D7 T cells selected on TECs and HCs respond with similar kinetics but different magnitudes during LM infection. Sorted D7_TECs and D7_HCs (CD45.2⁺) were adoptively transferred into CD45.1 B6 congenic mice and recipient mice infected with LM. (A) Seven days postinfection, splenocytes and hepatic leukocytes from recipient mice were stimulated with LemA. The percentages of cells producing IFN-γ within the CD45.2⁺CD8⁺ LemA-specific D7_TEC or D7_HC population are shown. (B) Percentages of Vβ5⁺CD45.2⁺ cells detected in the blood of recipient mice at different time points following primary and secondary LM infection. *P < 0.05. Data shown are representative of two independent experiments with three to four mice per group.

Fig. 5.

 D7 T cells selected on HCs express higher levels of Eomes than D7 T cells selected on TECs. (A) Expression of CD122 and Eomes on heat stable antigen^hi-depleted thymocytes from D7_TEC and D7_HC chimeric mice. (B) Expression of Eomes on hepatic leukocytes from D7_TEC and D7_HC chimeric mice, compared with isotypye control (gray filled). Histograms are gated on CD8⁺ cells. Data shown are representative of two separate experiments with four mice per group. (C) Real-time RT-PCR of Eomes mRNA from D7 T cells sorted from D7_TEC and D7_HC chimeric mice. Bar graph represents the mean ± SEM of triplicate determinants of Eomes expression normalized to GAPDH expression levels.

Fig. 6.

Natural (polyclonal) pool of M3-restricted CD8⁺ T cells can be selected by both HC- and TEC-mediated pathways. (A) Surface phenotypes of M3-restricted and conventional CD8⁺ T cells in naive B6 mice. (B and C) BM chimeric mice were immunized with LemA-pulsed BMDCs.
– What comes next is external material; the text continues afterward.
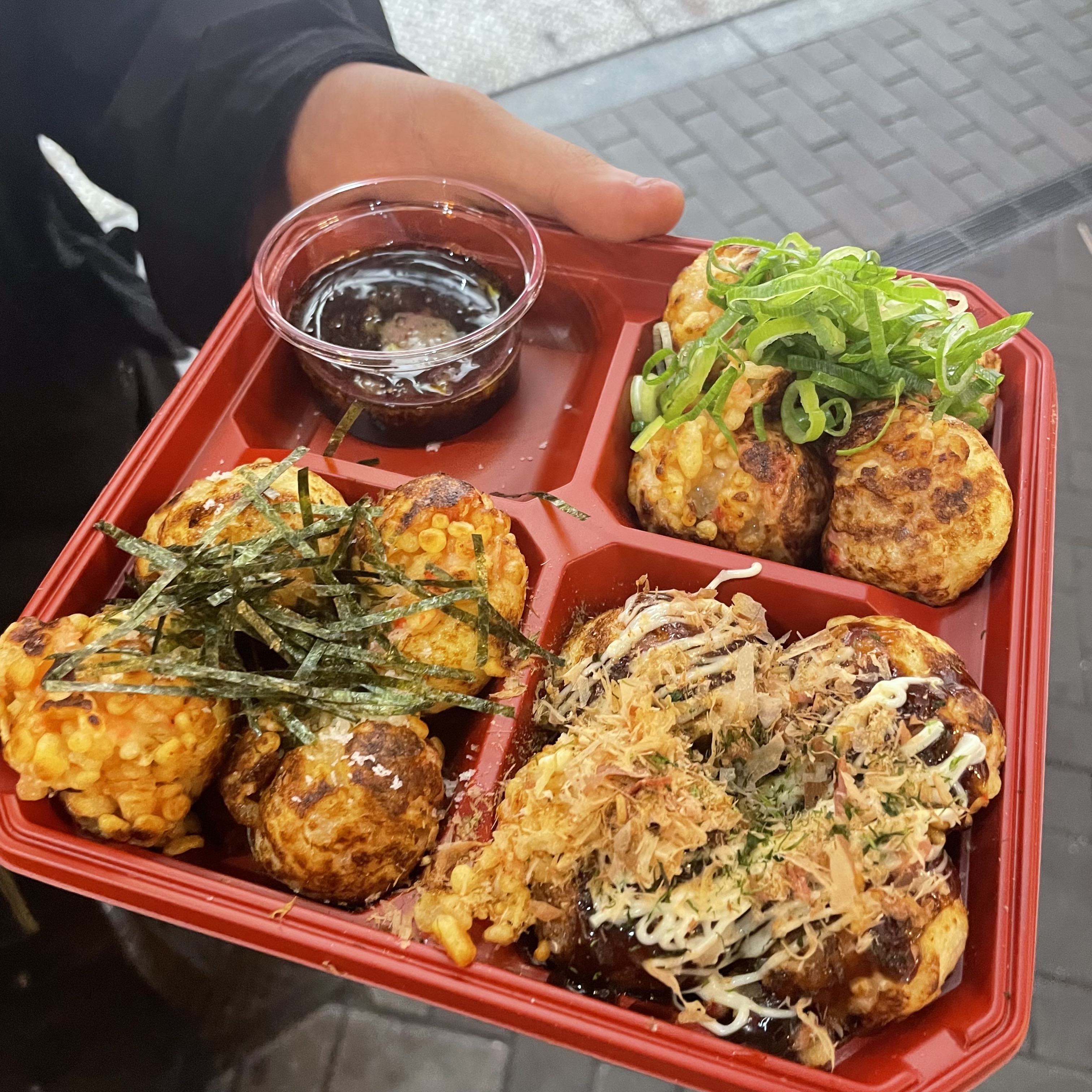 우선 몸과 마음은 물론 지갑까지 모두 굶주린 상태인 홍선이를 위해 타코야끼로 간단한 요깃거리를 했다. 그리고 이때는 몰랐다. 이 타코야끼가 일본에서 먹은 음식 중 가장 맛있는 음식이었을 줄은. 반죽이 우리나라랑 달랐고 문어만 들어간 게 아니라 새우도 들어가 있었다. 동그란 해물 완자? 느낌인데 맛은 물론이고 식감이 진짜 미쳤었다, 저 겉에 템푸라같은 거 붙은 거 봐라. 아으 이건 진짜 다시 먹고 싶네... 이건 길거리에서 먹어서 어디서 먹었는지 잘 기억은 안나는데 줄이 되게 많이 서있었다.

Seven days later, the M3-restricted LemA-specific T-cell response was analyzed. (B) Percentages of CD8⁺M3/LemA tetramer⁺ cells in DC-immunized chimeric mice. (C) Splenocytes from day 7 immunized chimeric mice were cultured with unpulsed or LemA-pulsed BMDCs isolated from B6 mice. IFN-γ production was quantified via IFN-γ enzyme-linked immunospot assay. SFU, spot forming unit. *P < 0.05; **P < 0.01; ***P < 0.001. Results are representative of three independent experiments with two to three mice per group.